Is this correct?? (Wondering)

 

[Deveno]

That looks correct.

 

[mathmari]

That looks correct.

Do we not have to prove that $$kb^{p-1}+ \frac{1}{2}(p-1)pb^{p-2}k^2+\dots + k^pp^{p-2} \in \mathbb{Z} $$?? (Wondering)

 

[I like Serena]

Do we not have to prove that $$kb^{p-1}+ \frac{1}{2}(p-1)pb^{p-2}k^2+\dots + k^pp^{p-2} \in \mathbb{Z} $$?? (Wondering)

Yep. We do.
Can you? (Wondering)

 

[I like Serena]

Yep.
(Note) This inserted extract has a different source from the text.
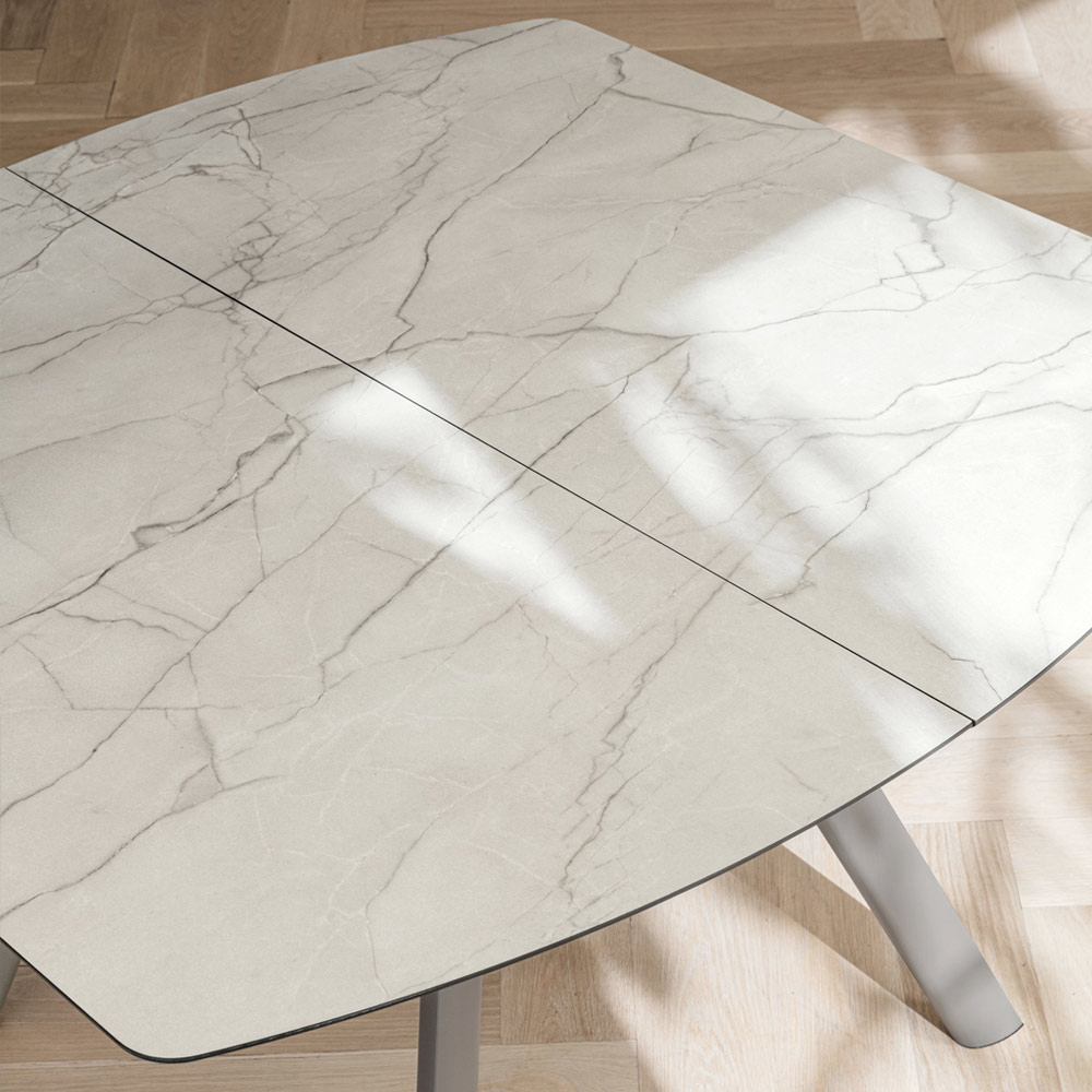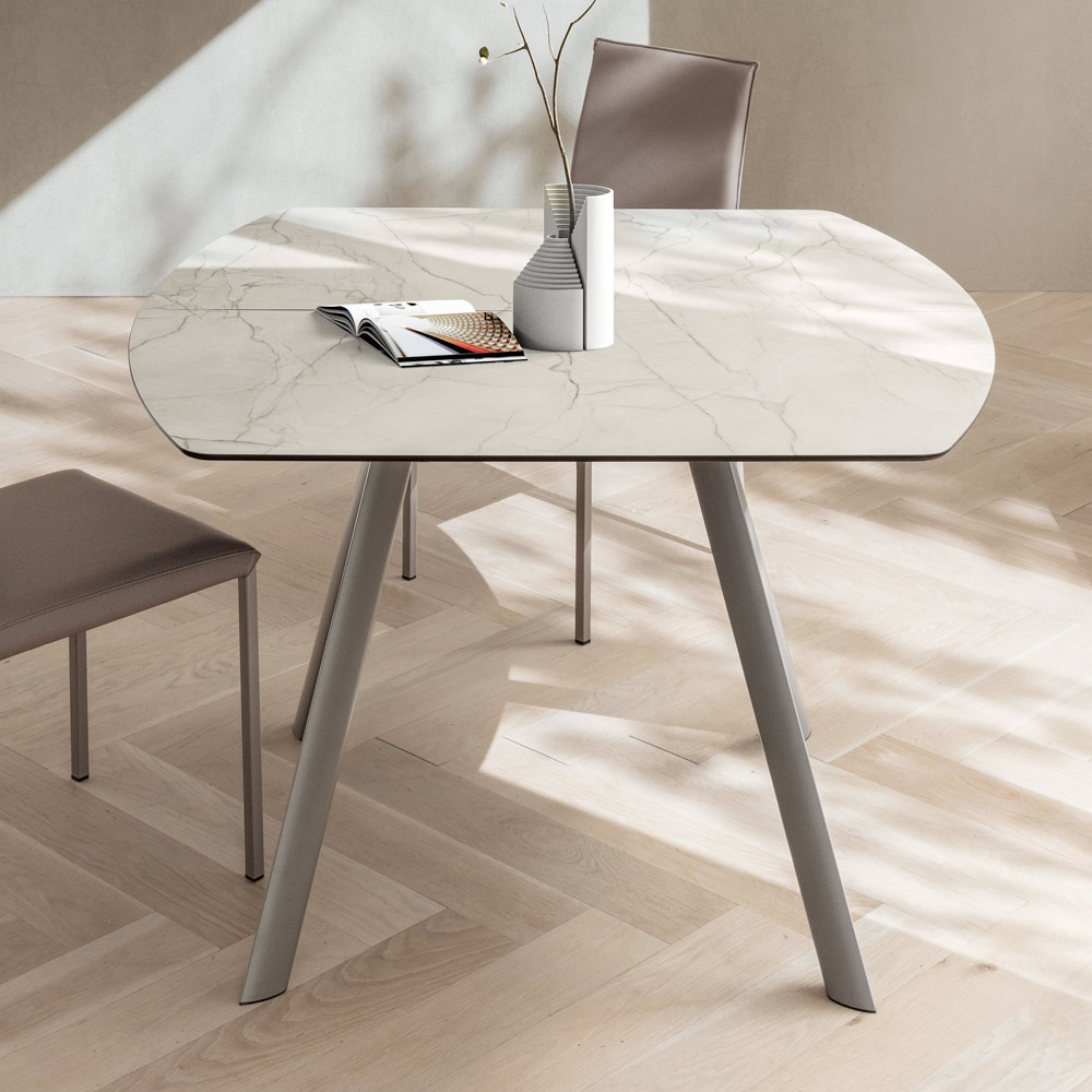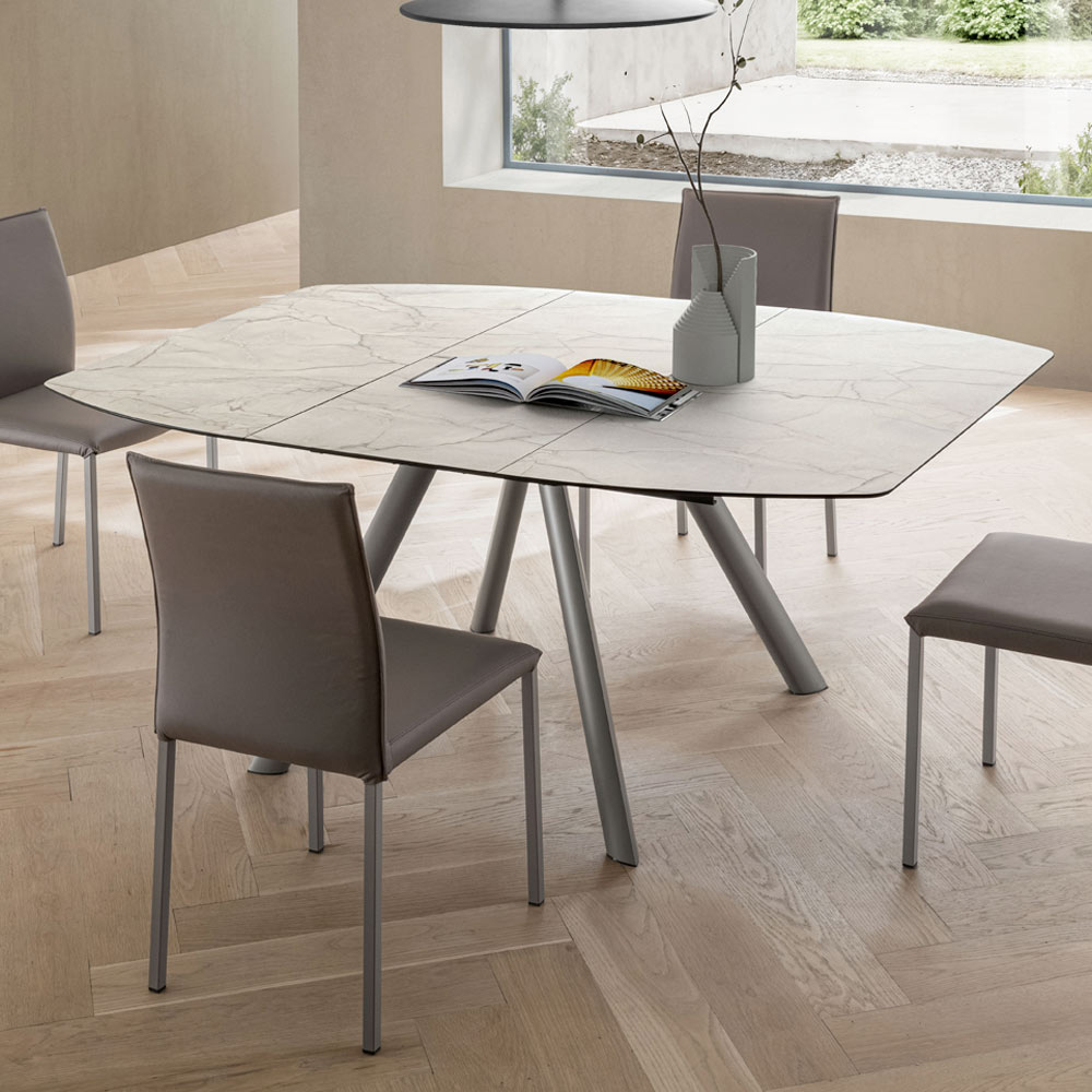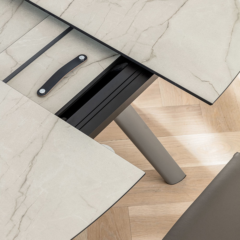 HPL- bordpladen tilføjer lysstyrke og raffinement til miljøet og minder om stenens årer med en modstandsdygtig overflade. Takket være det centrale forlængersystem kan bordet nemt trækkes ud, hvilket giver ekstra plads til gæster eller familiefrokoster, og det bevarer en harmonisk linje, selv når det er åbent.

We do.
Can you? (Wondering)

Consider that each of the binomial coefficients is of the form:
$$\binom p k = \frac{p \cdot (p-1) \cdot ... \cdot (p-k+1)}{1\cdot 2 \cdot ... \cdot k}$$
It is given that this is an integer.
So each of those factors in the denominator come back in the numerator somehow.
Can any of them contain a factor that divides $p$? (Wondering)

 

[Deveno]

One can prove that:

$\displaystyle \binom{n}{k} = \binom{n-1}{k-1} + \binom{n-1}{k}$

which furnishes an easy inductive proof that for all $0 \leq k \leq n$ that $\displaystyle \binom{n}{k}$ is an integer, given:

$\displaystyle \binom{n}{0} = \binom{n}{n} = 1$, for all $n \in \Bbb Z^+$.

Then the only fact we need in the expansion of $(b + kp)^p$ is that $\displaystyle p|\binom{p}{1}$

since $p^2$ occurs in all the other terms of the expansion, no matter what the coefficient is.